- [PROBLEM DESCRIPTION]: Pictures are not part of the answer. Return the lines from the one containing "Apartamento aconchegante e" through the end of the data, both included, exactly as they appear.

== DATA RECORDS ==

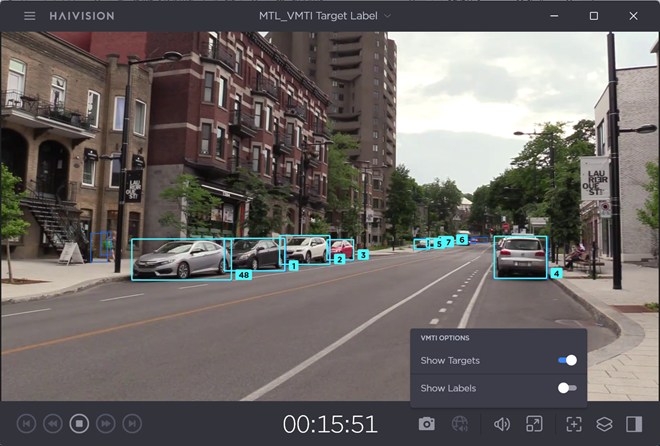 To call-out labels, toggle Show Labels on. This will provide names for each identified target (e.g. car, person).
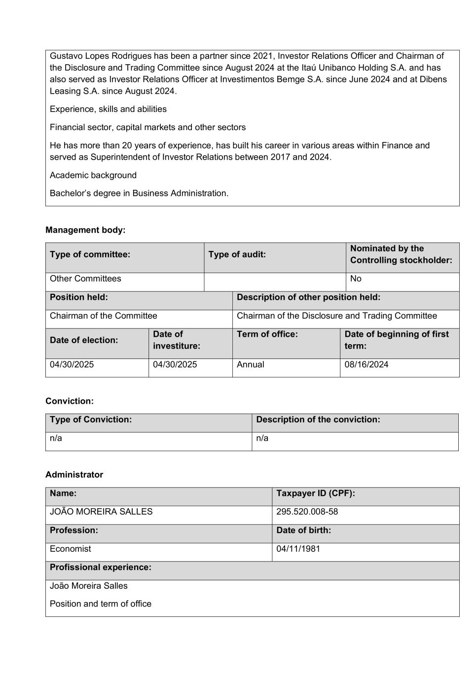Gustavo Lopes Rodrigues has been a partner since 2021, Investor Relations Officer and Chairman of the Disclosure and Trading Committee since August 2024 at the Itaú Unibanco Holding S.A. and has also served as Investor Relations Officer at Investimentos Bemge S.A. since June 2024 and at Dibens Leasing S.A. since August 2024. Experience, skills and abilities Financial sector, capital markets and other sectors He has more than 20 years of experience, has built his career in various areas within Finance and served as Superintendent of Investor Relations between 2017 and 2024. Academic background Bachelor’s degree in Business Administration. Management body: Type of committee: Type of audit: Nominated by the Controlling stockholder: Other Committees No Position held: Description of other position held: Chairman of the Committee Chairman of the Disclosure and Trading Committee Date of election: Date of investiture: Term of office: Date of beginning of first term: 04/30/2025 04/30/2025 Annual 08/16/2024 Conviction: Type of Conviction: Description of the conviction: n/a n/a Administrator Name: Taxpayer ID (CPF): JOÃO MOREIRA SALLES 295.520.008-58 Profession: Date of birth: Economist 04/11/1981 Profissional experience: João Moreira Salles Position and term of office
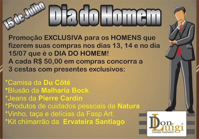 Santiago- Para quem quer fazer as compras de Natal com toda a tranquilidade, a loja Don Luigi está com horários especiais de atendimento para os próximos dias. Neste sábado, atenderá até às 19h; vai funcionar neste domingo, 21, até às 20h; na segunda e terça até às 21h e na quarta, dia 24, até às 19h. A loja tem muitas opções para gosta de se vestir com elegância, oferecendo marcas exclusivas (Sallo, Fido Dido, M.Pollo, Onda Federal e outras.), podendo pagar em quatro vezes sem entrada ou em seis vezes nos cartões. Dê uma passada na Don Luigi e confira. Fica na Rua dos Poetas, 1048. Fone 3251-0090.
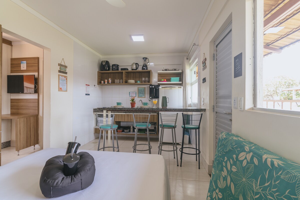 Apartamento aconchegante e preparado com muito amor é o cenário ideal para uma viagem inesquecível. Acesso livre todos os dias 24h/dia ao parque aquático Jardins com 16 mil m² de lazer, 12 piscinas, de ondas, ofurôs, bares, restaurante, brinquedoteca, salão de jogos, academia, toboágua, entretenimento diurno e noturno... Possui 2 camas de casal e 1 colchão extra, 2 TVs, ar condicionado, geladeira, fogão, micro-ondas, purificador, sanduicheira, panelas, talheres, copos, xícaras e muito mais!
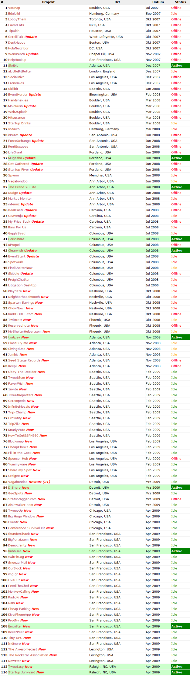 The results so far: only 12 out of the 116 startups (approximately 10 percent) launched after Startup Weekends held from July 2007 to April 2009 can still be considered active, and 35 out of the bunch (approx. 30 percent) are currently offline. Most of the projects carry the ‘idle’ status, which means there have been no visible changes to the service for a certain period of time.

===

- [ANSWER TO THIS PROBLEM]:
 Apartamento aconchegante e preparado com muito amor é o cenário ideal para uma viagem inesquecível. Acesso livre todos os dias 24h/dia ao parque aquático Jardins com 16 mil m² de lazer, 12 piscinas, de ondas, ofurôs, bares, restaurante, brinquedoteca, salão de jogos, academia, toboágua, entretenimento diurno e noturno... Possui 2 camas de casal e 1 colchão extra, 2 TVs, ar condicionado, geladeira, fogão, micro-ondas, purificador, sanduicheira, panelas, talheres, copos, xícaras e muito mais!
 The results so far: only 12 out of the 116 startups (approximately 10 percent) launched after Startup Weekends held from July 2007 to April 2009 can still be considered active, and 35 out of the bunch (approx. 30 percent) are currently offline. Most of the projects carry the ‘idle’ status, which means there have been no visible changes to the service for a certain period of time.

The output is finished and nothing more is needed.